The drug rep and our illusory superiority

The drug rep and our illusory superiority

The attitude of doctors towards pharmaceutical sales representatives (‘drug reps’) is influenced by a complex psychological phenomenon, and we seem to be blissfully oblivious.

About twenty years ago I briefly studied psychology at the University of Amsterdam. It’s a long time ago, but two things I still remember. One: the psychological experiments we had to submit ourselves to as first year students to get enough points to pass – so senior students and scientists would have sufficient study participants. And two: the Milgram experiment.

Shocked by Milgram

This well-known experiment shocked the world in 1963. Yale university psychologist Stanley Milgram showed that many study participants obeyed an authority figure in a white coat, even if this meant they had to administer dangerously high shocks to other participants.

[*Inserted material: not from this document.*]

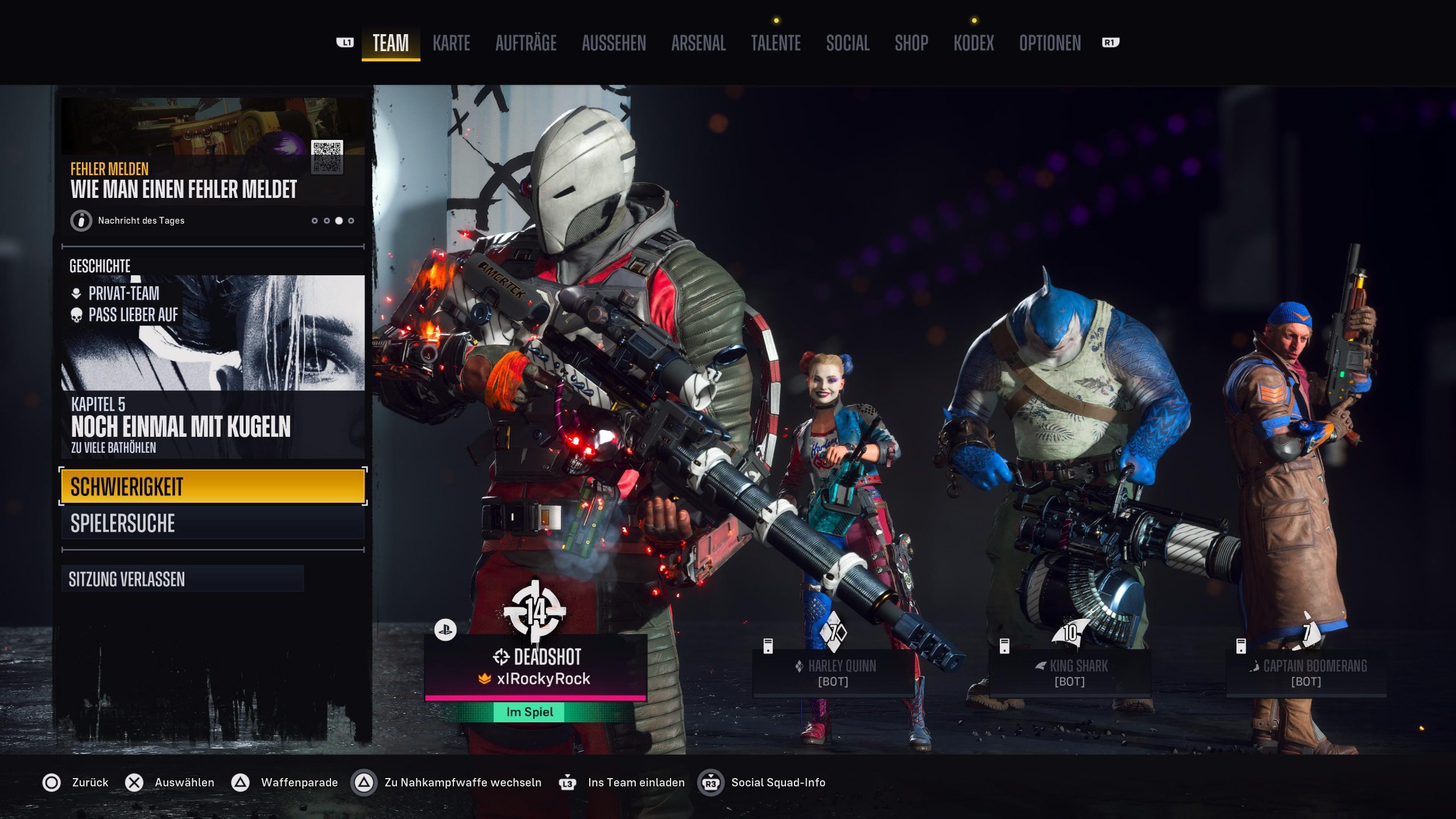 „Suicide Squad: Kill the Justice League“ ist ein Spiel, das man sowohl im Einzelspielermodus mit Bots als auch mit bis zu drei weiteren Freunden spielen kann. Dabei bietet uns das Spiel mit jedem Charakter die unterschiedlichsten Fähigkeiten, so dass wir spielerisch eine gute Abwechslung bekommen. Das fängt bei der Fortbewegung an und hört beim Kämpfen auf. Hier zeigt sich jeder Charakter von Suicide Sqaud von seiner besten Seite, wodurch die einzigartigen Fähigkeiten gut zur Geltung kommen. Das liegt nicht nur an den Fähigkeiten, sondern auch an den sehr gelungenen Animationen, die die Mimik perfekt rüberbringen. Bevor wir jedoch loslegen, entscheiden wir uns, ob wir das Abenteuer als Einzelspieler oder im Mehrspielermodus beginnen wollen. Der Ein- und Ausstieg ist jederzeit problemlos möglich.

I still recall watching the film at the university, in horror. I couldn’t believe that the poor participants would follow a request to these extremes. I was certain that I would have disobeyed the experimenter.

The Milgram experiment was replicated in 2006 – with some changes to satisfy the research ethics committee – and guess what: The results were similar. Most participants agreed to administer increasingly painful shocks when asked to by a professor.

I was probably wrong in thinking that I would have disobeyed. Yet at the same time I wasn’t, because most people believe they would not follow the order to administer the shocks.

The psychological phenomenon of self-deception

So why are we fooling ourselves? It’s called illusory superiority: an illusion of personal strength. This phenomenon has been demonstrated in countless experiments. For example, a study asking people to rate their own driving skills demonstrated that eighty per cent of drivers rate themselves above-average.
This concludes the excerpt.